Ritz's plan for A-to-F grade 'pause' met by state board doubts

Even with five new members promising better cooperation, the Indiana State Board of Education still wants to check state Superintendent Glenda Ritz’s work.

A skeptical state board voted today to ask Indiana Attorney General Greg Zoeller to certify that 12 options proposed by the Indiana Department of Education, some of which would “pause” potential A-to-F school grade consequences, are legal.

For her part, Ritz readily agreed and joined with a yes vote of her own. Ritz said she was pleased by the discussion and happy to get input from Zoeller’s office on legal questions.

“I want to have it right,” Ritz said. “If it’s not, we need to know now.”

Ritz’s team argued that some schools should get a break if their A-to-F grades fall because of lower student test scores on the overhauled ISTEP exam that students just completed during March and May.

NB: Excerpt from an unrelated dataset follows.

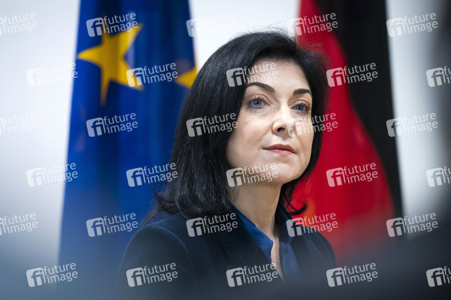 Katherina Reiche beim gemeinsamen Pressestatement der Bundesministerin für Wirtschaft und Energie und der Exekutiv-Vizepräsidentin der EU Kommission im Bundesministerium für Wirtschaft und Energie. Berlin, 19.05.2025

The test this year was upgraded to match new, tougher standards that the state adopted last year, which are aimed at ensuring all students graduate high school ready for college or careers.

Other states that have made similar changes to raise expectations through new standards and tests — Ritz’s lieutenants cited New York and Kentucky — have seen big drops in the percentage of students who pass the first year the change is made.

Lower test scores could cause lower A-to-F grades across the board for Indiana schools. For some, that could put them at greater risk for state takeover or other serious sanctions designed to improve them. Those changes could include major moves like replacing principals and teachers.

Ritz and education department staff said they also worried about simple embarrassment or public misunderstanding. Parents and others in each school community could see lower grades assigned to their schools but might not understand that the drop is part of a statewide trend driven by test changes.

“The assessment is much more rigorous,” Ritz said. “We have to take that into account.”

The U.S. Department of Education has pushed states to adopt tougher standards and more rigorous tests over the past five years. Most states have agreed to do so in exchange for waivers from some of the sanctions of the 2002 federal No Child Left Behind law. But just this year, federal officials began offering states flexibility to delay some consequences of lower test scores for schools under their state systems when they change standards.

Even before that offer was made, Ritz has pushed for various reasons to delay sanctions for poor test scores over the past three years. Each time, an increasingly impatient state board has cut the debate short, pledging to keep unchanged the system of rewards and penalties.

But with support from the U.S. Department of Education, Ritz said this time the board should give the idea full consideration.

The option Ritz endorsed among the 12 choices presented would treat schools with improving grades differently than those who saw grades go down in 2014-15. Those with better grades would be assigned their new, higher grades. Those with falling grades would not get the lower marks. Instead, they could keep the grades they earned last year.

Ritz emphasized that sanctions would continue. Schools with low grades could still face takeover or other state actions if their grades don’t improve. She said that was the fairest way to treat schools during a transition to a new test.

“Accountability would march on,” Ritz said. “It does not take anything away from the accountability or consequences.”

But state board members had doubts.

Sarah O’Brien, elected the state board’s first vice chairwoman earlier in the meeting, said the conversation should wait until grades are assigned. The board should not simply assume grades will go down, she said.

“I feel it’s a premature decision for us to be making,” she said.

Ritz said she wasn’t asking for a decision, just to start the discussion about what to do if grades do drop dramatically. But board members Lee Ann Kwiatkowski and Gordon Hendry agreed with O’Brien.

Hendry also said it seemed unfair to him that schools with better grades could get the reward of reporting that improvement but parents in schools with lower grades might not know their schools’ grades actually dropped.

“That doesn’t seem to be a fair way to approach it,” he said.

Board member B.J. Watts asked for assurance that all of the options Ritz presented were legal. The options were presented on a grid showing which ones would need changes in state law or approval from the U.S. Department of Education compared to those the board could make on its own.

When an attorney for the state board advised getting an outside opinion, the entire board endorsed the idea of getting Zoeller’s OK that Ritz’s legal analysis is right.

Department officials said they expect ISTEP scores this year to come out in November and A-to-F grades to follow in December.